PRIME Minister David Cameron was getting a bit red in the face at Prime Minister's Questions yesterday dodging Labour leader Jeremy Corbyn's enquiries about said tax credits. As Jeremy eventually said: "I ask, for the sixth time, for an answer to a simple question."
A reader phones to explain: "Today's PMQs is a perfect example of why it's not called Prime Minister's Answers."
WE asked for your charity shop stories and Alan Woodison tells us: "I was chairman of Action Research in Irvine many years ago. Our charity shop in High Street had a standing order to supply a local hotelier with all the bed sheets and duvets that were handed in. We never told a soul. Never stayed in the hotel either!"

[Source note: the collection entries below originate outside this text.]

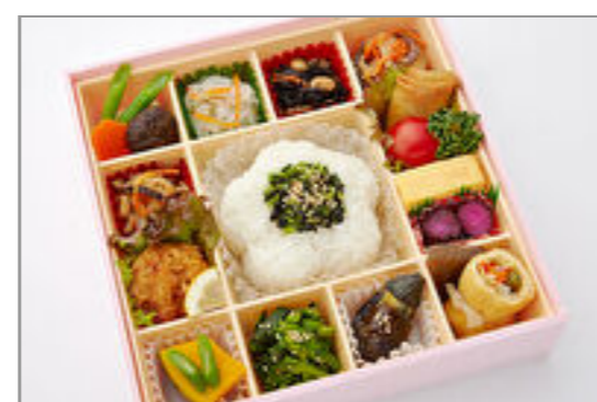
彩り菜膳～若菜ご飯～
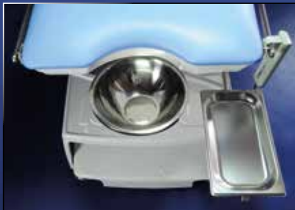
Nerezový táč na nástroje

Výška nastavitelná elektropohonem 640 – 940 mm, nastavení sklonu opěradla elektropohonem 0° až +80°, manuální nastavení sklonu hlavy ± 30°, nastavení sklonu sedáku (Trendelenburg) elektropohonem 0° až +20°. Stůl je vybaven elektronikou, která umožňuje naprogramovat 3 pracovní polohy, které se automaticky nastaví po stisknutí tlačítka. Velmi jednoduše tak lze měnit nástupní a pracovní polohu stolu bez časové prodlevy.
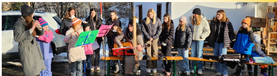
Jungschar beim Auftritt anlässlich des Adventmarktes am 09.12.2023.
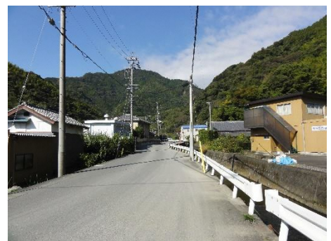
白いガードレールや電線・電柱類
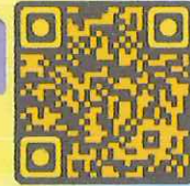
แบบฟอร์มสมัคร
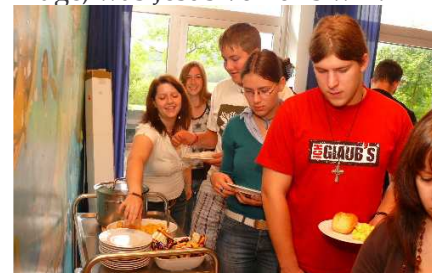
Leckeress (auch) beim Brunch

Natürlich gab es auch ein gutes geistliches Programm. In gemeinsamer Stiller Zeit am Morgen, in Andacht, Bibelarbeit und dem abschließenden Brunchgottesdienst ging es um die Bergpredigt. „Hammerhart, was Jesus da sagt!“ - Da geht es ganz zentral um die Frage, was Jesus von uns will.
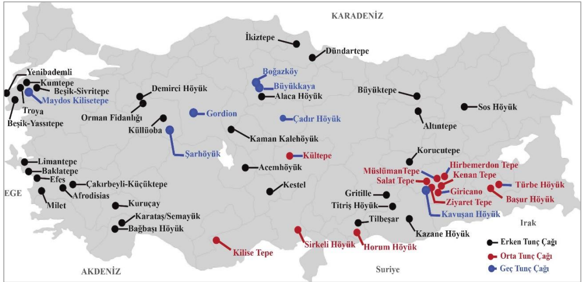
Şekil 4. Anadolu Tunç Çağı Yerleşimleri

Batı Anadolu Tunç Çağı hayvancılık ekonomisi incelendiğinde, deniz kıyıları, göl ya da ırmak kıyılarında yaşayan halkların hayvancılık ve balıkçılıktan geçimlerini sağladıkları görülmüştür. Örneğin Kumtepe A, Beşik-Sivritepe, Beşik-Yassitepe, Baklatepe, Limantepe, Ulucak Höyük, Efes Çukuriçi Höyük'te ve Milet'te insanların deniz ürünlerinden faydalandıklarını gösteren veriler elde edilmiştir. Bu dönemde Batı Anadolu'da hayvancılık ekonomisi hayvan yetiştiriciliği ve az miktarda av hayvanlarına dayanmaktaydı (Şekil 4) (Oy, 2011: 40-44).

YES, even the Church of Scotland is on social media and this week it welcomed its 5,500th follower on Twitter, none other than the Most Reverend Leo Cushley, Catholic Archbishop of St Andrews & Edinburgh. When the Church of Scotland thanked him for following them he replied: "Ut unum sint" - Catholic Archbishops, I've noticed, do show off their knowledge of Latin when they can. It is a quote in the Bible from Jesus - although he didn't use Latin of course - and is generally regarded as a call for Christian unity.
So who said Twitter was just used for political activists to hurl insults at each other. Well done Leo!
QUESTIONS for speakers, continued. Head of employee relations at Scottish Engineering, Raymond Lowe, was running an employment law course in England when he was asked about employees stealing from fellow employees. Says Raymond: "I told them about when I worked in industry and took a two-pound bag of sugar into work on a Monday morning and found that it was gone on Tuesday morning. We thought the nightshift was making tablet.
"I asked at the end of the two-day course if there were any questions to which I was asked, 'what is tablet?'"
WHAT'S been happening out Paisley way we wonder. Piero Pieraccini, mine host at Hamishes' Hoose bar in the town recounts: " Overheard in the bar, two guys were recalling a networking event that they both attended but when trying to describe a particular person at the event one guy said, 'you remember him, he was generously proportioned with an elegantly restrained hairstyle'.
"It took me a wee while to figure out they were referring to a fat baldy guy!"
AMERICAN country rock icon, Steve Earle was in blistering form in Glasgow this week. The seven times divorced, New York-based, hirsute, singer/songwriter had a packed house at the O2 ABC laughing when he said: "This is the chick section of the set, which is important because I’m single now and it stops my audience from getting uglier and hairier.” One of his new songs is titled, appropriately, 'Better Off Alone.' It is a sad song, mind you.